(Records from a collection)
::::
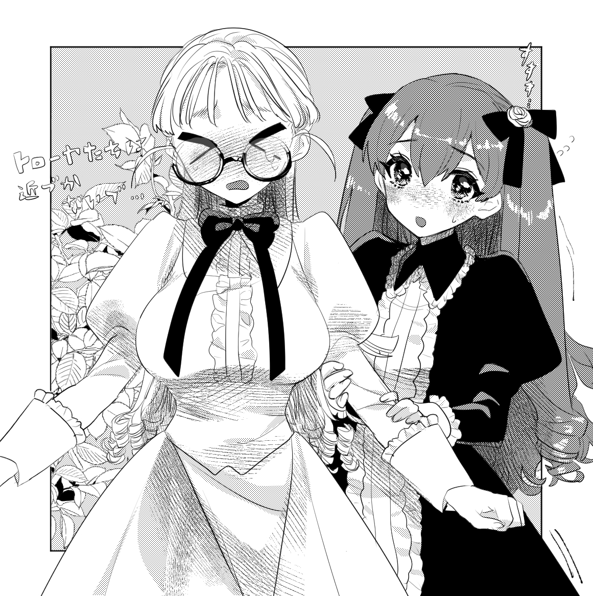 nekojarashi (yuuga), original, absurdres, highres, traditional media, 1girl, black hair, closed mouth, hairband, interlocked fingers, long hair, long sleeves, looking at viewer, outdoors, own hands together, smile, solo, steepled fingers, upper body
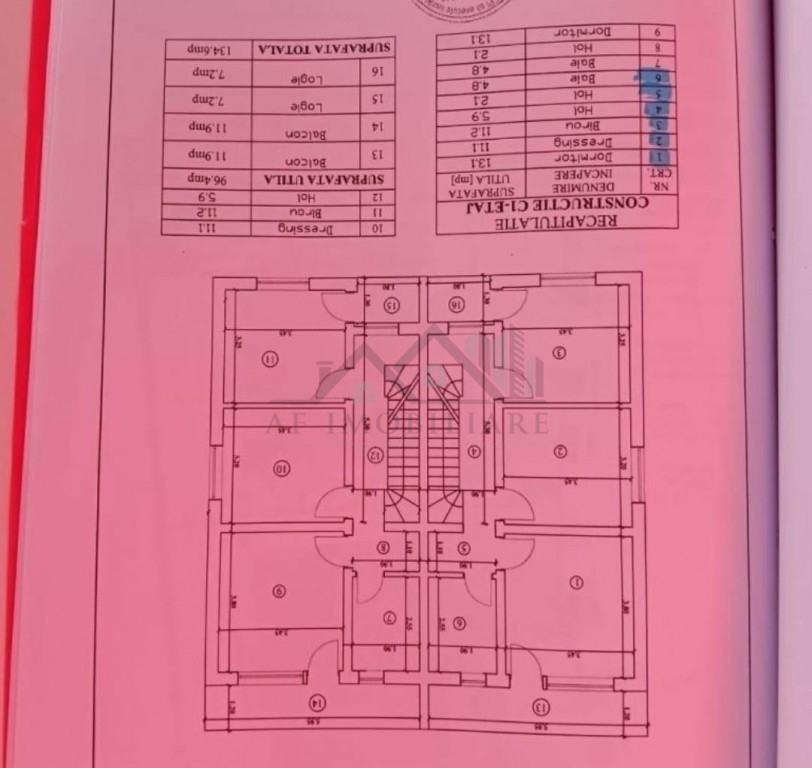 -Etaj = 3 dormitoare, baie, hol mare, doua balcoane.
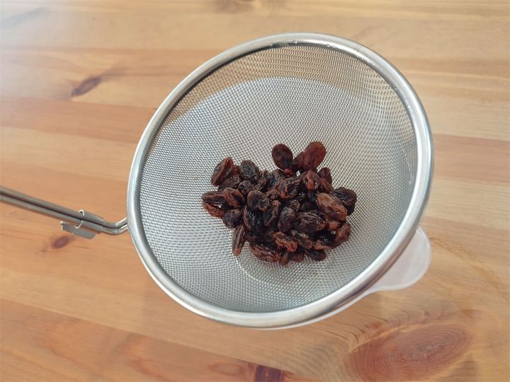 時間が経ったら、ザルにあげます。こうすることで、レーズンが柔らかくなるんですって。
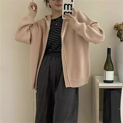 ニットカーディガン ニット カーディガン レディース セーター ニットセーター カットソー トップス ダブルジップセーター 長袖 フード付き 秋 冬 秋冬 前開き 羽織 無地 アウター ダブルジップ
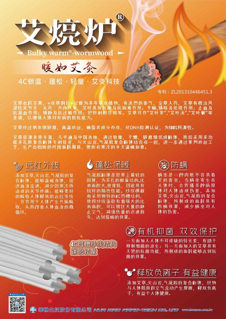 簡介 艾草資源非常豐富,幾乎遍及中國各地,通過收集,乾燥,研磨細化成粉體,而後採用多功能多孔質複合粉體專利技術,與火山岩、氣凝膠複合粉體結合在一起,進一步通過系列紡絲工藝,生產出相應的纖維面料服裝,使你在寒冷的冬天溫暖如春。 艾草通過奈米研磨,高溫紡絲,確保其成分存在,經DNA檢測認證,為100%同源性。 功能 遠紅外線 蓬鬆保暖 防螨 有機抑菌,雙效保護 釋放負離子,有益健康 DM 英文版 日文版 影片
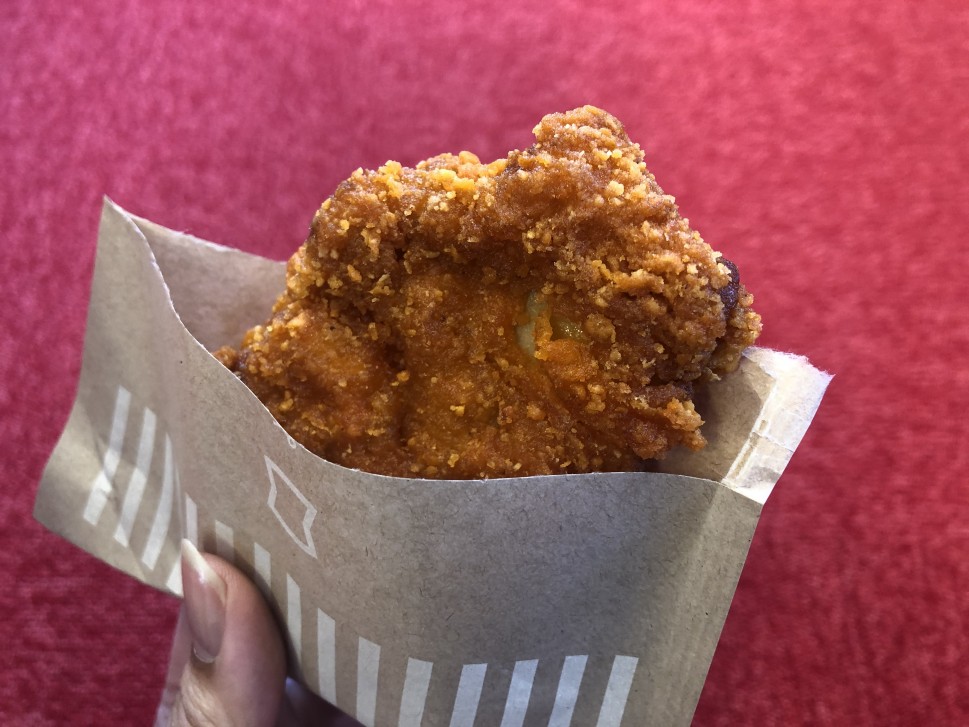 衣のカリカリと中のやわやわがくせになるLチキ。ジャンキーでも塩辛くても気にしない。普段の辛に🌶鼻と頬などにうっすら汗。
::::
:: What this task involves ::
Transcribe all entries above exactly. Omit the pictures.

:: Task solution ::
 nekojarashi (yuuga), original, absurdres, highres, traditional media, 1girl, black hair, closed mouth, hairband, interlocked fingers, long hair, long sleeves, looking at viewer, outdoors, own hands together, smile, solo, steepled fingers, upper body
 -Etaj = 3 dormitoare, baie, hol mare, doua balcoane.
 時間が経ったら、ザルにあげます。こうすることで、レーズンが柔らかくなるんですって。
 ニットカーディガン ニット カーディガン レディース セーター ニットセーター カットソー トップス ダブルジップセーター 長袖 フード付き 秋 冬 秋冬 前開き 羽織 無地 アウター ダブルジップ
 簡介 艾草資源非常豐富,幾乎遍及中國各地,通過收集,乾燥,研磨細化成粉體,而後採用多功能多孔質複合粉體專利技術,與火山岩、氣凝膠複合粉體結合在一起,進一步通過系列紡絲工藝,生產出相應的纖維面料服裝,使你在寒冷的冬天溫暖如春。 艾草通過奈米研磨,高溫紡絲,確保其成分存在,經DNA檢測認證,為100%同源性。 功能 遠紅外線 蓬鬆保暖 防螨 有機抑菌,雙效保護 釋放負離子,有益健康 DM 英文版 日文版 影片
 衣のカリカリと中のやわやわがくせになるLチキ。ジャンキーでも塩辛くても気にしない。普段の辛に🌶鼻と頬などにうっすら汗。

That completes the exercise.